Иван Семёнович поддерживал связь с поисковыми отрядами геологов, работавшими в тайге, и три раза в день «давал погоду» лётчикам. Целыми сутками он сидел с наушниками на голове и стучал ключом, посылая в эфир свои унылые точки-тире.
Устроившись на ночь, мы начинали чаёвничать. Надо сказать, что чай на Севере, особенно на севере Якутии, пьют до того крепкий, что по цвету его можно сравнивать только с сажей.
В один из таких вечеров, лёжа на спальных мешках и потягивая из старых консервных банок густейший таёжный «чифир», мы неожиданно заговорили о самопожертвовании. Уж не помню, с чего всё началось. Кто-то незаметно начал, кто-то поддержал, и через минуту разговор завладел всеми, за исключением хозяина дома и одного нашего спутника — угрюмого пожилого геолога с изрезанным морщинами лицом. Иван Семёнович, как обычно, сидел около рации с наушниками на голове, слушая эфир, а угрюмый геолог лежал на койке, подложив под голову руки, и, глядя в потолок, молча курил.

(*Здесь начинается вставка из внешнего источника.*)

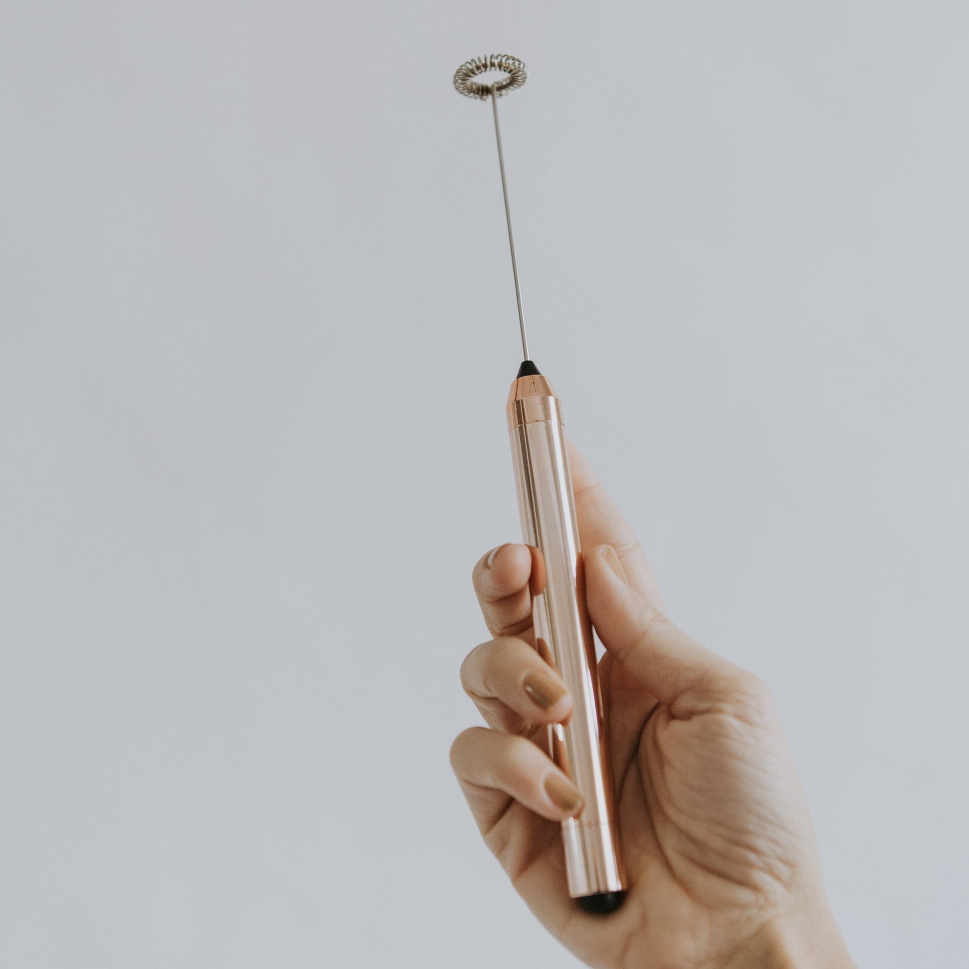 Blend your inner beauty products easily and effortlessly with the elegant AURA Rose Gold Frother!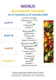 10 Menus Resto scolaire 17 nov au 21 nov 2025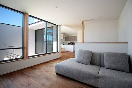 そんなわけで、まずLDKは 2階 とし、敷地の北東に駐車場、南西に 中庭を置く配置としました。主要な部屋の採光、通風、眺望などはこのプライバシーの確保された中庭から享受する計画です。また、 リビングとダイニングは 雁行して並ぶ付かず離れずの関係とし、天井高の違いなどから空間に 抑揚をつくり出します。 もうひとつの特徴は2階の一角にある スタディーコーナーで、大型の引戸で仕切れば個室化してオンライン会議などもし易いテレワークスペースとなります。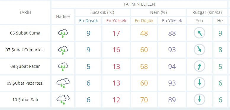 Cumartesi günü gündüz sıcaklığı 16, pazar günü 13 derece olacak.
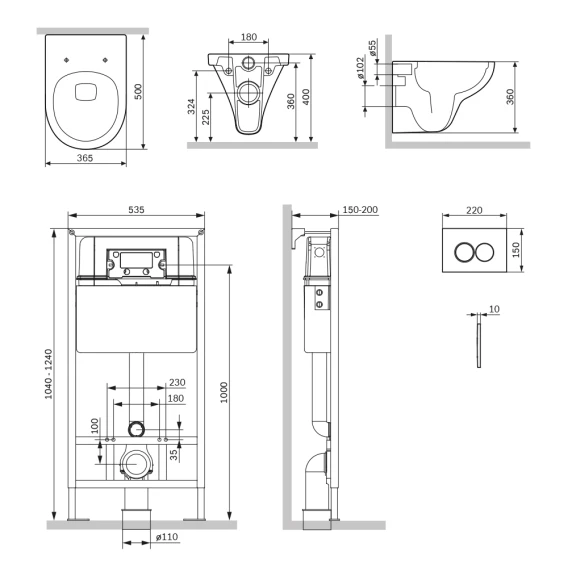 Крепление, Кнопка смыва, Инсталляционная система, Звукоизолирующая прокладка, Унитаз, Сиденье с микролифтом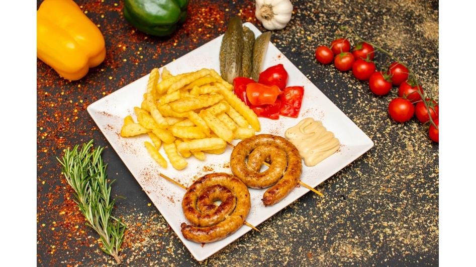 Cârnați (3 buc 200g), cartofi prăjiți (200g), murături (100g), pâine la cuptor (260g), maioneză cu usturoi (80g). 840 g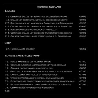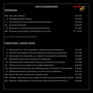 De tapaskaart van Proto biedt veel variatie en omvat verschillende tapenades, koude tapas, groentetapas, salades, vleestapas en tapas met vis. Zin in iets speciaals? Dan kunt u kiezen voor één van de menusuggesties van onze kok.
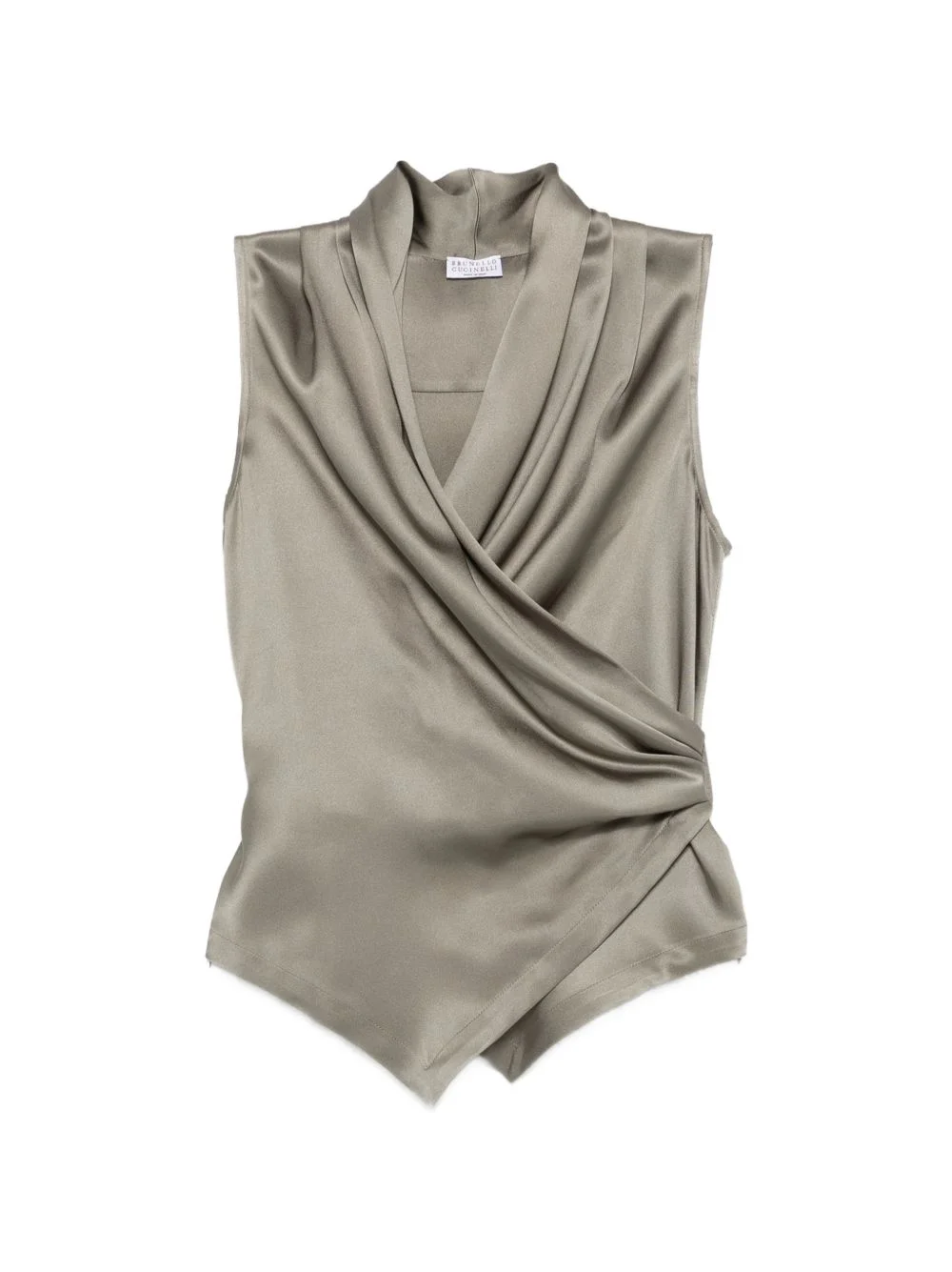 draped sleeveless top Highlights - Army green - Sleeveless - V-neck - Asymmetric hem - Draped effect Made in Italy Composition Silk 100% Washing instructions Dry Clean Only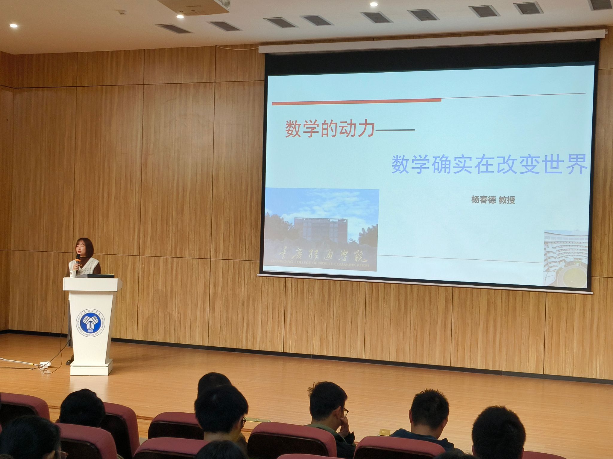 讲座的最后,杨教授以“爱”为出发点,鼓励同学们结合学校“信息产业商学院”的教育理念,发现生活中的数学问题,培养数学思维。他强调,数学思维不仅能帮助同学们应对学习中的挑战,还能提升逻辑推理和创新能力,为未来的职业生涯奠定坚实基础。杨教授还鼓励同学们积极参加数学竞赛,进一步巩固和拓展数学知识,践行“学中用,干中学”的理念。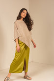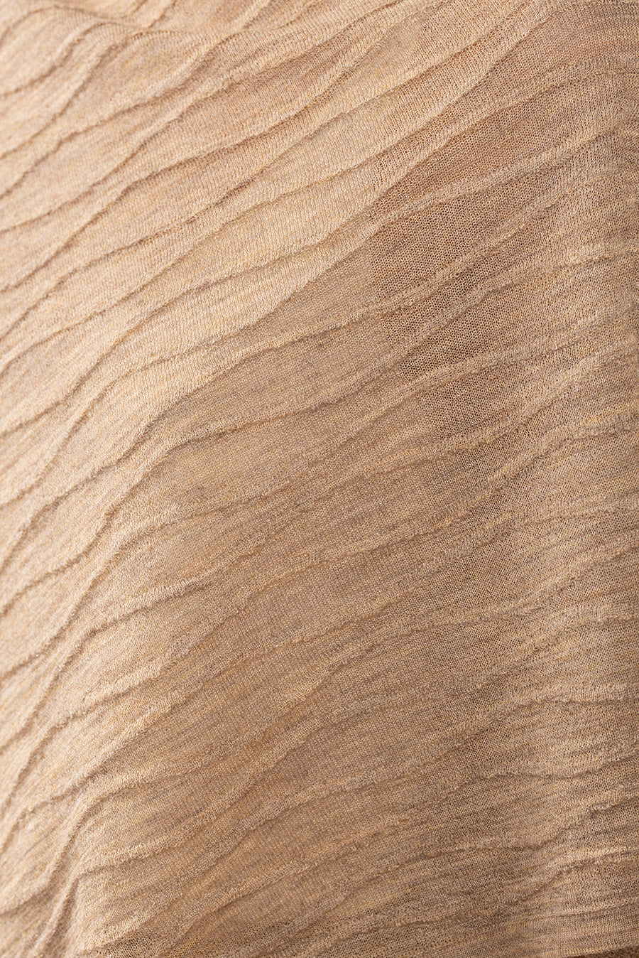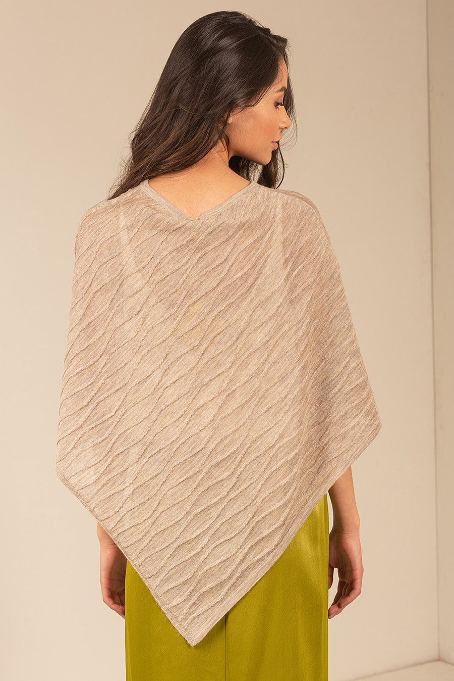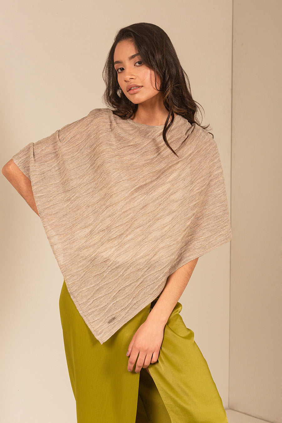 Inspirado en una apacible brisa de verano, nuestro poncho Ustinov, elaborado con hilado de baby alpaca y seda, evoca la suavidad de una caricia gracias a su agradable textura y ligera caída. | Material predominante: Baby Alpaca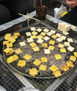 1. 白豆腐切成块,腌制1小时以上,期间可在表面刷点甜面酱。
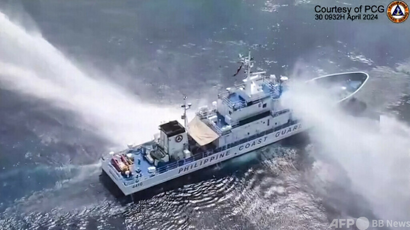 沿岸警備隊は、「フィリピン船は中国海警局の船4隻と海上民兵の船6隻から危険行為と妨害を受けた」と説明。沿岸警備隊の船舶が両側から放水銃を浴び、手すりと天蓋(てんがい)が破損したとしている。

Мнения сразу же разделились. Одни говорили, что пожертвовать собой человек может только в том случае, когда он ясно видит перед собой цель, во имя которой отдаёт свою жизнь. Другие утверждали, что самопожертвование — это результат эмоционального потрясения, экстаза, что пожертвовать собой можно не по расчёту, а только по вдохновению. Особо горячо защищал вторую точку зрения лохматый чёрный геофизик — молодой парень лет двадцати пяти с бледным, худым лицом и большими голубовато-серыми глазами.
Угрюмый геолог (его фамилия была Тарьянов) поначалу, казалось бы, совсем не интересовался нашим разговором. Но потом, когда страсти разгорелись и лохматый геофизик в пылу полемики выскочил на середину комнаты и, размахивая руками, стал о чём-то нечленораздельно кричать, Тарьянов сел на своей койке и, подняв руку, как школьник на уроке, тихо сказал:
— Одну минуту…
Мы все с интересом повернулись к нему.
— Я не буду спорить ни с кем из вас. Я просто хочу рассказать вам одну историю, которая, как мне кажется, имеет некоторое отношение к предмету вашего сегодняшнего разговора.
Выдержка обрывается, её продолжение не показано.